Task item:
Each line of the material must be repeated precisely, with the pictures left out.

Data below:
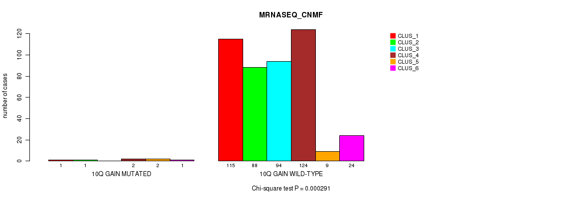 10q gain cnv correlated to 'CN_CNMF' and 'MRNASEQ_CNMF'.
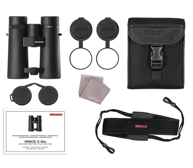 Mukana: X-lite katselukiikarit, linssinsuojat (okulaari/objektiivi), kantolaukku, linssin puhdistusliina, Neopreeni kantohihna, ohjekirja
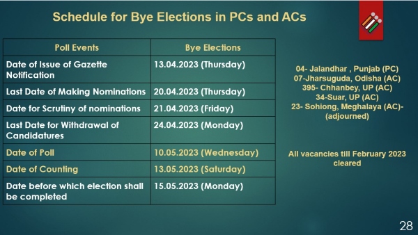 Date for nominations: April 13, Last date for filing nominations: April 20, Date for scrutiny of nominations: April 21, Last date for withdrawal of candidatures: April 24, Date of poll: May 10 and Single Phase Date of counting on May 13.

Solution for this exercise:
 10q gain cnv correlated to 'CN_CNMF' and 'MRNASEQ_CNMF'.
 Mukana: X-lite katselukiikarit, linssinsuojat (okulaari/objektiivi), kantolaukku, linssin puhdistusliina, Neopreeni kantohihna, ohjekirja
 Date for nominations: April 13, Last date for filing nominations: April 20, Date for scrutiny of nominations: April 21, Last date for withdrawal of candidatures: April 24, Date of poll: May 10 and Single Phase Date of counting on May 13.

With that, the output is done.